Marcel Böhme, Brandon Falk
[Google Scholar] [DBLP] [Citeseer]
Read: 24 June 2020

Proceedings of the 2020 28th ACM Joint Meeting on European Software Engineering Conference and Symposium on the Foundations of Software Engineering
Volume
Pages 11
2020
Note(s): fuzz testing

Using a large empirical study of fuzzing (using AFL and libFuzzer), this paper explores the cost of finding vulnerabilities (or increasing coverage).

They produce some empirical laws:

Random fuzzers take exponentially more time to find each additional vulnerability. “Intuitively, when collecting baseball cards, the first couple of cards are easy to find, but collecting the next new card gets progressively more difficult.”
Finding the same vulnerabilities in half the time requires only half as many machines. “Intuitively, if each day you buy twice as many packs of baseball cards, you could have collected the same cards that you now have in half the time.”

These both assume zero cost for synchronization across fuzzers running in parallel.
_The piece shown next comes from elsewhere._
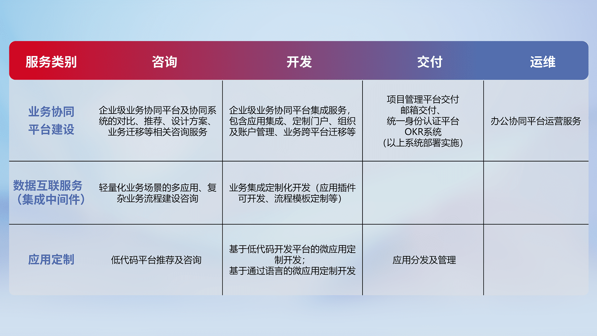 针对钉钉、、企微、、、、IDaas等平台级产品提供产品的规划、、、方案、、、、交付、、定制化开发等服务,,,,实现如统一协同办公、、、智能客户服务、、混合会议管理、、、智能数据查询、、等业务场景,,实现数字化转型。。
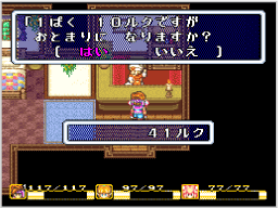 宿泊すると、HPとMP、戦闘不能も含めたすべてのステータス異常が回復します。また、セーブをすることもできます。 |

In an experiment with greybox fuzzers where the fuzzers shared their seeds as they discovered them and where they did not share seeds, they found that sharing significantly improved discovery rate.

They also produce mathematical models to help explain the patterns in their empirical data. A key part of those models is an assumption of a power-law distribution of bugs/features.

Their models are for purely random (blackbox) fuzzers but they suggest that, in the limit, graybox fuzzers turn into random fuzzers.